### Your goal
Write back every line of the listing exactly, excluding images.

● ● ● ●

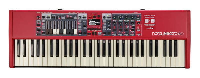Синтезатор Clavia Nord Electro 6D 61 — портативная сценическая клавиатура с 61 полувзвешенной клавишей. Три независимые секции: орган B3/Vox/Farfisa, фортепиано (1 Гб памяти) и сэмплирующий синтезатор (512 Мб). 120-голосная полифония для фортепиано, 9 регистровых рукояток, мощная секция эффектов. Плавные переходы между программами, вес 8.1 кг. Идеальный инструмент для гастролирующего клавишника.
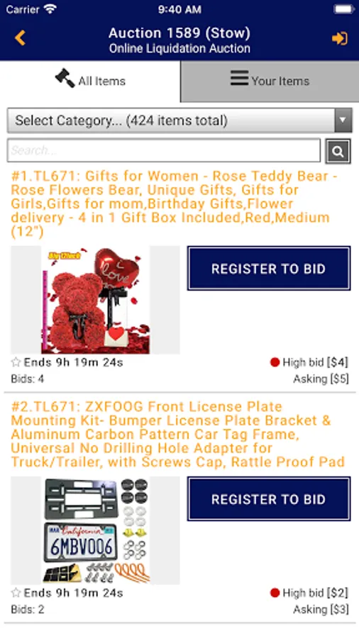 We are online liquidators of merchandise from some of the world largest, very well known retailers. We buy customer returns, overstocks by the truckload, unload, organize, inventory and set up for our customers to inspect during preview. Some of what we sell is in new, untouched condition; some may be incomplete, damaged, or have been previously used. With our mobile app you can: 1. Stay informed about our upcoming auctions. 2. Get reminders for items that you care about that are coming up for auction. 3. Get notifications when you've been outbid and never lose on an item just because you didn't know you were no longer the high bidder. 4. Bid in our auctions no matter where you have to be. Or set and forget your maximum bid and let our platform automatically bid the lowest possible winning bid for you.
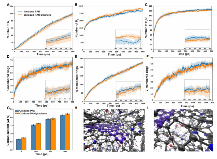 2O的產生量隨時間的變化;(D)~(F)分別是兩種纖維中5、6、7元環含量隨時間的變化;(G) 兩種纖維碳含量隨時間的變化;(H)和(I)表示的是含有石墨烯的纖維中形成的5、6、7元環結構示意圖
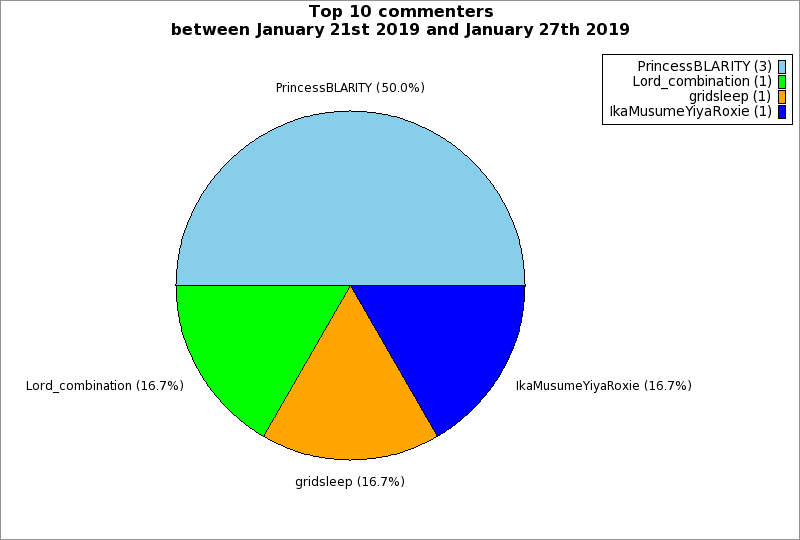 | Top 10 commenters between January 21st 2019 and January 27th 2019 | ||
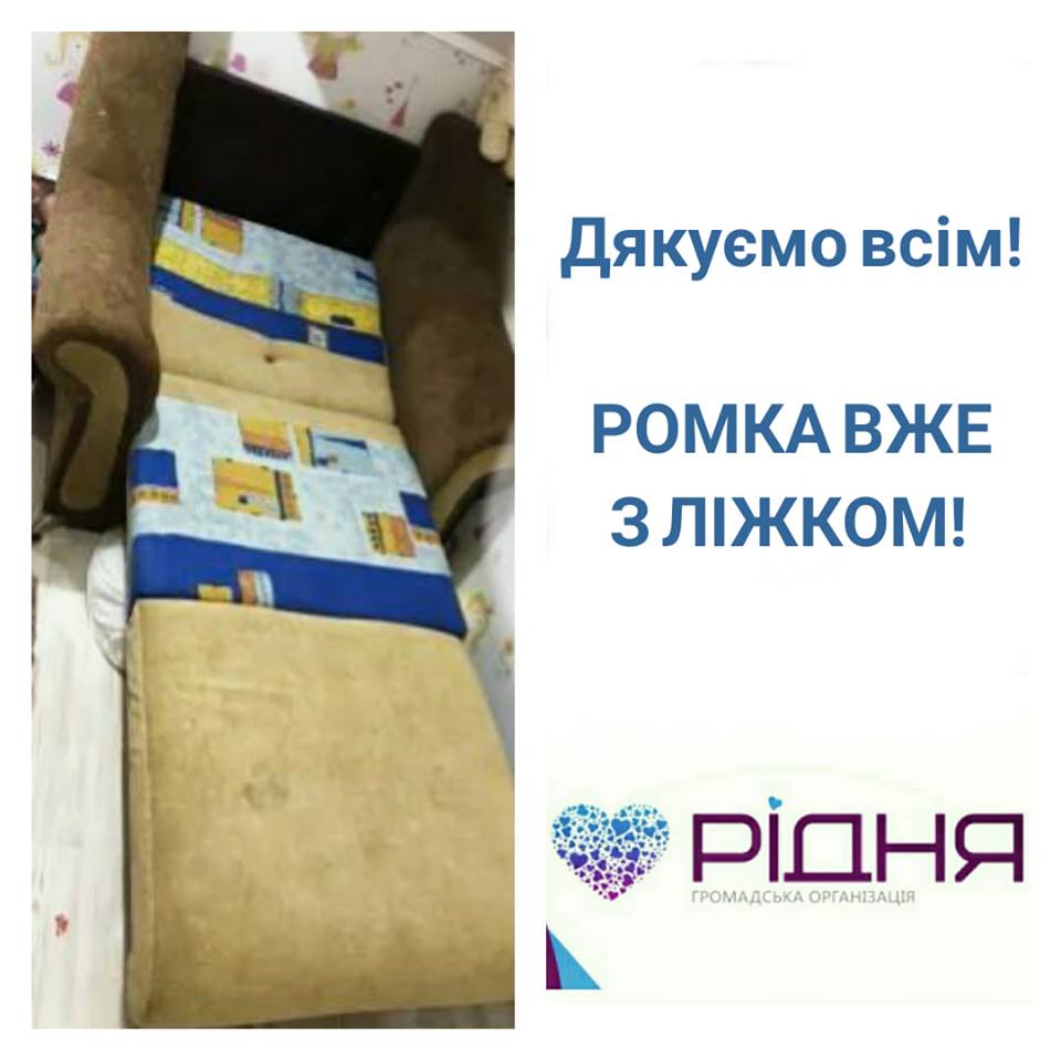 Дякуємо всім небайдужим хто приймав участь, вчора завезли крісло до родини, Ромка тепер буде спати не з мамою та молодшою сестрою, а на власному ліжку!

● ● ● ●

### Solved exercise
Синтезатор Clavia Nord Electro 6D 61 — портативная сценическая клавиатура с 61 полувзвешенной клавишей. Три независимые секции: орган B3/Vox/Farfisa, фортепиано (1 Гб памяти) и сэмплирующий синтезатор (512 Мб). 120-голосная полифония для фортепиано, 9 регистровых рукояток, мощная секция эффектов. Плавные переходы между программами, вес 8.1 кг. Идеальный инструмент для гастролирующего клавишника.
 We are online liquidators of merchandise from some of the world largest, very well known retailers. We buy customer returns, overstocks by the truckload, unload, organize, inventory and set up for our customers to inspect during preview. Some of what we sell is in new, untouched condition; some may be incomplete, damaged, or have been previously used. With our mobile app you can: 1. Stay informed about our upcoming auctions. 2. Get reminders for items that you care about that are coming up for auction. 3. Get notifications when you've been outbid and never lose on an item just because you didn't know you were no longer the high bidder. 4. Bid in our auctions no matter where you have to be. Or set and forget your maximum bid and let our platform automatically bid the lowest possible winning bid for you.
 2O的產生量隨時間的變化;(D)~(F)分別是兩種纖維中5、6、7元環含量隨時間的變化;(G) 兩種纖維碳含量隨時間的變化;(H)和(I)表示的是含有石墨烯的纖維中形成的5、6、7元環結構示意圖
 | Top 10 commenters between January 21st 2019 and January 27th 2019 | ||
 Дякуємо всім небайдужим хто приймав участь, вчора завезли крісло до родини, Ромка тепер буде спати не з мамою та молодшою сестрою, а на власному ліжку!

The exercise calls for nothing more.